The Wangerin Organ Company (1912-1942) was a manufacturer of pipe organs based in Milwaukee, Wisconsin. It was a continuation of the company after the partnership of Adolph Wangerin and George J. Weickhardt, Wangerin-Weickhardt, ended with the death of Weickhardt in 1919. It had previously also been known as the Hann-Wangerin-Weickhardt company. Many of its organs are still played in churches today.

During the theater organ boom in the 1920s, when the Barton Organ Company of Oshkosh, Wisconsin could not keep up with the production demand, the Wangerin factory first loaned them factory space, and later was sub-contracted to build organs for them.

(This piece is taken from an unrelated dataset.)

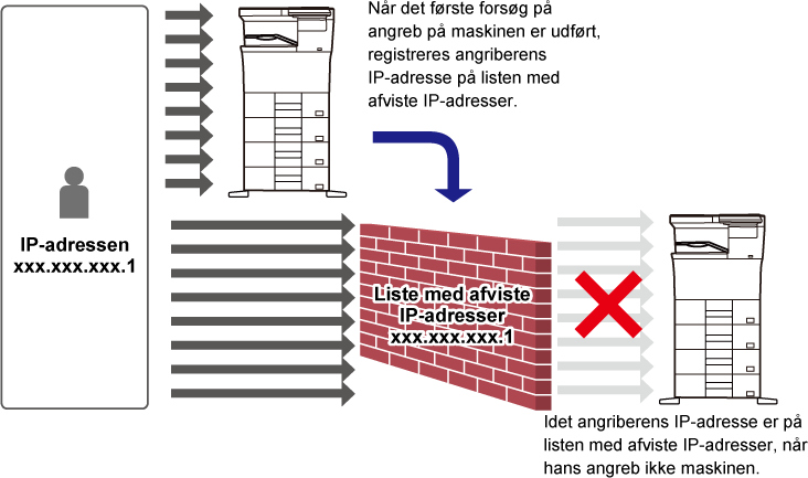 Angiv dokumentarkivering eller frigiv udskrift som funktionen for begrænsning af udskriftsjobs. Når dokumentarkivering er angivet, og [Tving opbevaring] er valgt som begrænsningshandling, gemmes jobbet i dokumentarkivering, også selv om dokumentarkivering ikke er angivet i printerdriveren. Hvis udskriftsfrigivelse er angivet, vil dokumentet også blive gemt i udskriftsfrigivelse, selvom udskriftsfrigivelse ikke er angivet i printerdriveren. |

During World War II, when manufacture of musical instruments was banned in 1942 in order to focus on the war effort, the Wangerin-Weickhardt Company built wooden airplane parts and other war-related goods. The firm did not resume organ building after the war, so it effectively ceased operation as an organ builder in 1942.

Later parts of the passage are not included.